International | President Bush gives a diplomatic pass to a brutal Islamist government, yet evidence persists that Khartoum is using U.S. "good faith" to crush the Christian south | Mindy Belz

Calling for an end to dictatorships in the Middle East has not prevented the Bush administration from telling one of the world's most brutal dictatorships on African soil to stay the course.

In a written communique delivered to Congress on April 22, President Bush certified to lawmakers that Sudan is "negotiating in good faith" with rebels from the south who have fought a 20-year civil war against Islamic rule. While admitting that "there is still much work remaining," the president asserted, "both sides have made significant progress negotiating a just and comprehensive peace for the people of Sudan."

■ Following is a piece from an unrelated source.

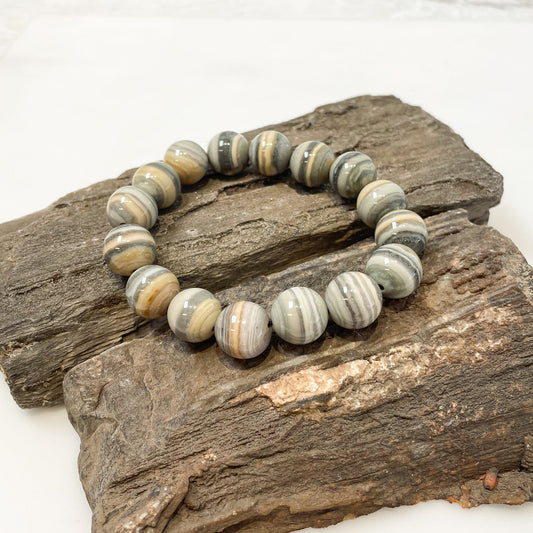Saturn Chalcedony 13mm Bead Stretchy Bracelet Yellow & Gray (GEM5)

Those assertions put the National Islamic Front government in Khartoum on equal footing with southern and mostly Christian Sudanese brutalized by the government's long-standing policy of forced Islamization, slavery, and government-induced famine. Last year lawmakers and the president agreed to end that sort of status-quo diplomacy. By failing to distinguish oppressors from victims, they agreed, it had brought no real breakthrough in Sudan's civil war. In addition, the equivocating comes despite evidence the Khartoum regime is undertaking a military buildup to carry out further attacks on the south.